This difference in the use of the same term represents a significant way in which barriers to understanding might arise. Because universal uniform metric standards, such as degrees Celsius, kilograms, meters, the second, etc., are nearly nonexistent in the social sciences, calibration is not yet a matter of establishing that kind of correspondence. Conversely, such standards are the norm in the natural sciences. New constructs are either rare or not considered candidates for calibrated instrumentation until standards are developed. There are, accordingly, few, if any, of the theoretical or practical guidelines for evaluating invariance in new constructs, estimating initial parameters, equating instruments, etc. that are taken for granted in Rasch-oriented psychometrics.

In light of this contrast between measurement in the natural and social sciences, other seeming similarities took on new significance. For instance, multiple papers presented at the London conference took up issues involving ordinal and nominal scales, referring to Stevens' fourfold measurement classification system in positive terms. When the question was raised as to why any interest would be invested in ordinal scales in the context of the natural sciences, the reply repeated the previous emphasis on the fact that all measurement, ordinal and nominal as well as interval and ratio, is performed relative to existing standards.

The Mohs Hardness Scale, for instance, provides an ordinal standard of measurement that works because it definitively encompasses virtually the entire range and every instance of possible variation in the construct in a metric that informs almost all applications involving it. Similarly, nominal standards define the shape of geometrical figures in the same way dictionaries define the meaning of words.

Reservations concerning the value and utility of ordinal measures in the social sciences, in turn, were seen in a new light by natural scientists at the IMEKO conference when the incomparability of scores from two different mathematics tests was raised and was amplified by then proposing to add a new item to both tests, which would make subsequently gathered scores incomparable with each of the already incomparable original tests. The chaos and confusion in that scenario was briefly contrasted with the simplicity and elegance of the comparisons that could be made of measures from exactly the same groups of items if those items had been drawn from a bank of items calibrated to measure in the same unit. Once again, all the difference was made by the presence or absence of a calibrated standard.

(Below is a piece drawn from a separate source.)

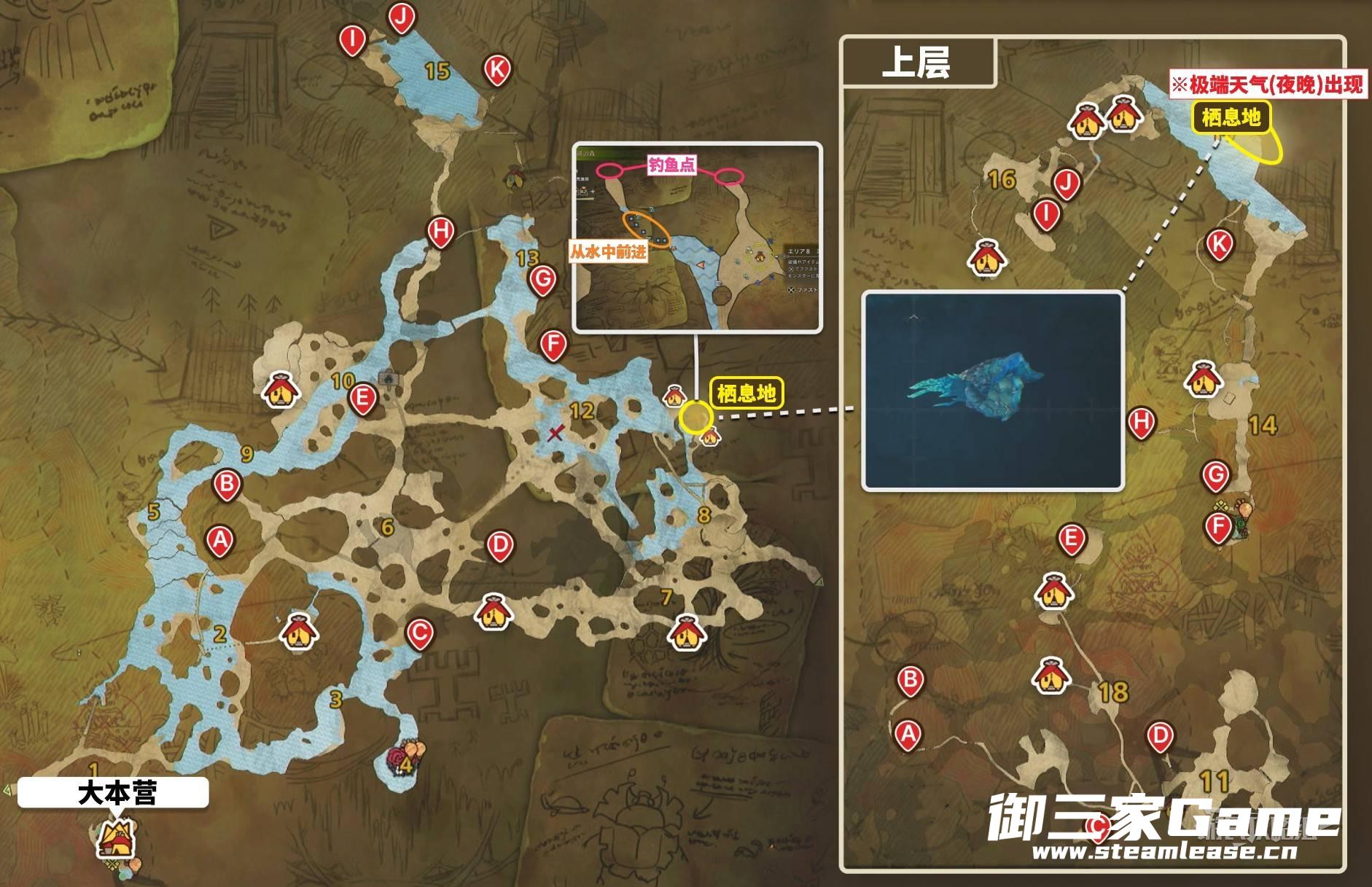 建议前往绯红森林区域8附近的钓点,提前在附近搭建简易营地【区域8洞窟湖】,然后在营地休息将时期变更为【丰饶期】。如果没有看到瑰丽盾章菊螺就传送到其他地图,再快速传送回简易营地【区域8洞窟湖】,继续观察钓鱼点,重复之前的步骤直到看见瑰丽盾章菊螺。

Two themes running through virtually all of the papers presented at the conference concern the most exciting and challenging areas for measurement-focused collaboration between social and natural scientists: metrological traceability and measurement uncertainty. The former is the domain of the International Vocabulary of Measurement, or VIM, now in its third edition (BIPM, et al., 2008). The latter is covered in the Guide to the expression of Uncertainty in Measurement, or GUM (BIPM, et al., 1995). These works are significant in being created and adopted as standards by an authoritative international group known as the Joint Committee for Guides in Metrology (JCGM), which includes the International Bureau of Weights and Measures (BIPM), the International Electrotechnical Commission (IEC), the International Federation of Clinical Chemistry and Laboratory Medicine (IFCC), the International Organization for Standardization (ISO), the International Union of Pure and Applied Chemistry (IUPAC), the International Union of Pure and Applied Physics (IUPAP), the International Organization of Legal Metrology (OIML), and the International Laboratory Accreditation Cooperation (ILAC).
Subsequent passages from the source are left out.